Justice Driven by Emotion:The Social Path from Empathy to Siege

Figure 1 An illustration of cyberbullying and digital justice-hate speech targeting an individual through social media. Image via Unsplash.

Background

In the digital media era, social platforms increasingly dominate public opinion, and individual moral judgments and group emotions are often rapidly expanded through “justice”. When network users mobilize public opinion with the starting point of “voicing”, “exposing” and “protecting rights”, the originally well-intentioned behaviors often evolves into highly emotional verbal attacks, and even escalate to extreme behaviors such as “human flesh search” and “cyber blasts”. This phenomenon is different from traditional hate speech and is a more complex form of expression: this kind of behavior starts from justice but implies strong attacks on individuals and harm to society. This article will focus on the phenomenon of justice-driven hate speech on social media, explore its generation mechanism, diffusion logic and potential harm on social media, and point out the impact and challenges of this phenomenon on digital policies and governance.

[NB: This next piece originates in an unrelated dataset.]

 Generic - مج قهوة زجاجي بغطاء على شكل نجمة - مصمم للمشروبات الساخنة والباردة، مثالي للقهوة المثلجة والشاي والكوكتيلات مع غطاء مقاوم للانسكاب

Introduction of some key concepts

In order to deeply understand the rise and spread of “justice-driven hate” on social platforms, this article will build an analytical framework from three dimensions of the communication characteristics of digital public space, platform-driven mechanisms, and participatory shaming culture on the Internet. Understanding key concepts can explain the complexity of this phenomenon and provide a basis for subsequent critical analysis and governance discussions sections.

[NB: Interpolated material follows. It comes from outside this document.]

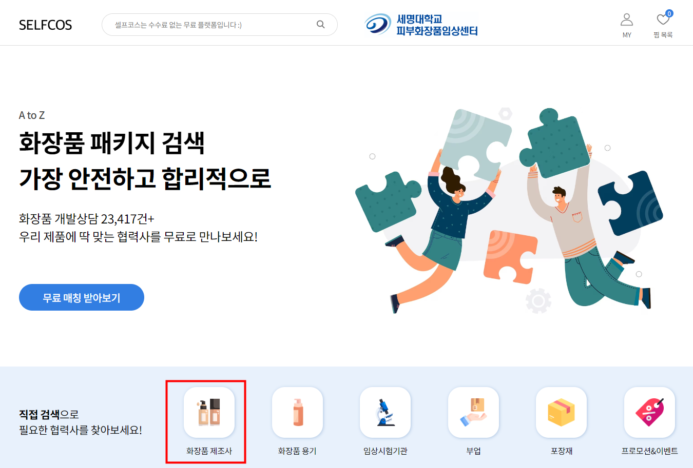 1. 먼저 어떤 제품을 출시해야 할지를 결정해 주세요. 출처 unsplash / Alexandra Tran 그러려면 트렌드를 먼저 파악해야겠죠. 뷰티누리, 코스인코리아, 트렌디어 같은 화장품 업계 사이트를 보고 트렌드를 파악해 줍니다. 트렌드 파악 후 PDRN 성분을 활용한 앰플을 만들기로 했다고 예를 들어 볼게요. 2. 제조사를 찾아야 합니다 특히 제조사는 소량생산을 해주는 제조사가 중요할 텐데요. 1,000개 정도의 소량을 제조하는 제조사를 어떻게 찾아야 하는지 알려드리겠습니다. 먼저 셀프코스 홈페이지에 접속해 주세요. '화장품 제조사' 배너를 클릭해 주세요. 그럼 아래 이미지와 같이 필터를 설정할 수 있는 곳이 나옵니다. 미백, 주름을 모두 선택하고 최소생산수량은 1,000개로 입력해주세요. 그 후 '필터 적용하기'를 눌러줍니다.

The “online public space” proposed by Danah Boyd (2014) emphasizes that social media platforms are not just channels for information transmission, but also build a new type of public social sphere with high visibility, easy dissemination, and low threshold participation. In this space, individual behaviors are amplified, especially content with strong emotional colors and positions, which arouses users’ resonance and group response. At the same time, the economic attributes of the platform itself also subtly promote the extremism of emotional expression. Zuboff (2019) suggests in his theory of “surveillance capitalism” that due to its economic attributes, social platform algorithms tend to push content that can stimulate emotions to capture users’ attention and justice-driven hate speech can be rapidly spread and gradually become biased by algorithmic drive. The algorithms of social platforms tend to push content that can stimulate emotions to capture users’ attention, and justice-driven hate speech driven by algorithms can proliferate quickly and gradually deviate from rational discussion. In addition, the “participatory shaming” theory proposed by Marwick and Boyd (2011) can reasonably explain that users can strengthen their moral identity by participating in the public shaming of others, and this kind of hate speech is not based on facts but relies on emotional amplification and labeling to quickly complete the position division, and ultimately forms a collective siege in the network, causing harm to individuals. Therefore, righteous hate speech is the result of the interaction between social platform mechanisms, users’ emotions and network culture.

Why does a “sense of justice” so easily turn into an attrack?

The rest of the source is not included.